James Patrick Roche

Personal information
- Nationality: Irish
- Born: 1886 Caherciveen, County Kerry, Ireland
- Died: 7 June 1917 (aged 30–31) France

Sport
- Sport: Athletics
- Events: Sprinting (100 meters, 200 meters)
- Club: Knockrea AC Queens College, Cork

= Patrick Roche (athlete) =

Irish sprinter and Olympian

James Patrick Roche (1886 - 7 June 1917) was an Irish athlete who competed at the 1908 Summer Olympics.

== Biography ==
Roche was born in Cork, son of Stephen and Elsie Roche. He was later brought up at Cahirciveen, County Kerry.

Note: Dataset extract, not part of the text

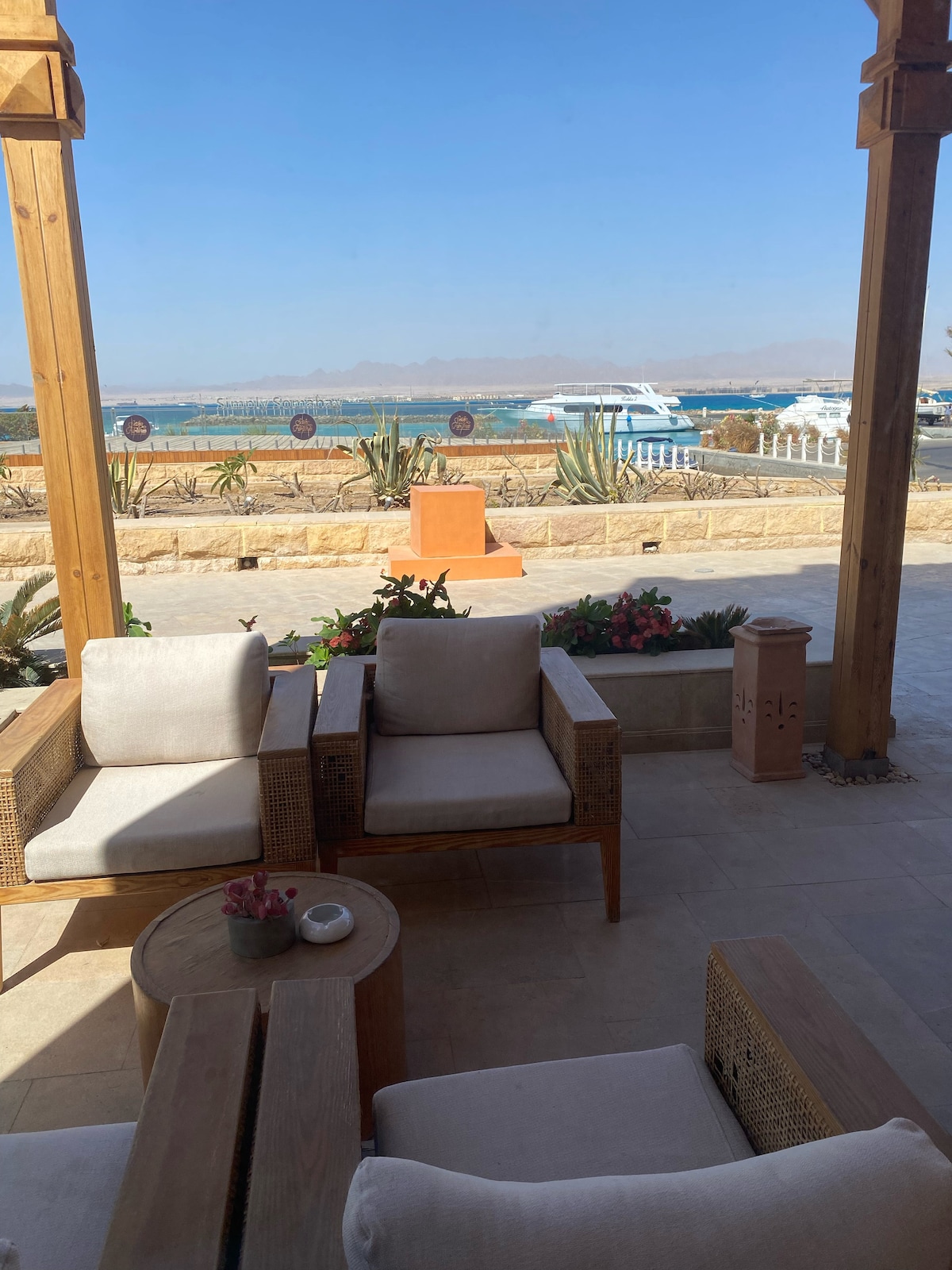 Nydelig toppleilighet med en romslig stue, spiseplass, kjøkken og dobbeltsoverom. Den har en av de beste utsiktene i Soma Bay, med en panoramautsikt over havet og golfbanen. Raskt trådløst nettverk og et dedikert kontorområde med skrivebord og ergonomisk arbeidsstol gjør det til et perfekt sted å jobbe eksternt. Bare minutter fra bryggen og Breakers-hotellet, ligger det i Soma Breeze-leilighetene. Inkluderer tilgang til basseng og strand.

Roche represented Great Britain at the 1908 Summer Olympics in London. In the 100 metres, Roche won his first round heat with a time of 11.4 seconds to advance to the semifinals. He finished third in his semifinal race, not advancing to the final. With a time of 22.8 seconds, Roche won his preliminary heat of the 200 metres. In that event, he had slightly better success in the semifinals but still lost to countryman George Hawkins. Hawkins edged out Roche for the win (and the right to advance to the final); both were timed at 22.6 seconds.

He was killed in action in France during World War I. He had been awarded the Military Cross, and at the time of his death was serving as a Captain in the 47th Trench Mortar Battery of the Royal Field Artillery. He was buried at Kemmel Chateau Military Cemetery.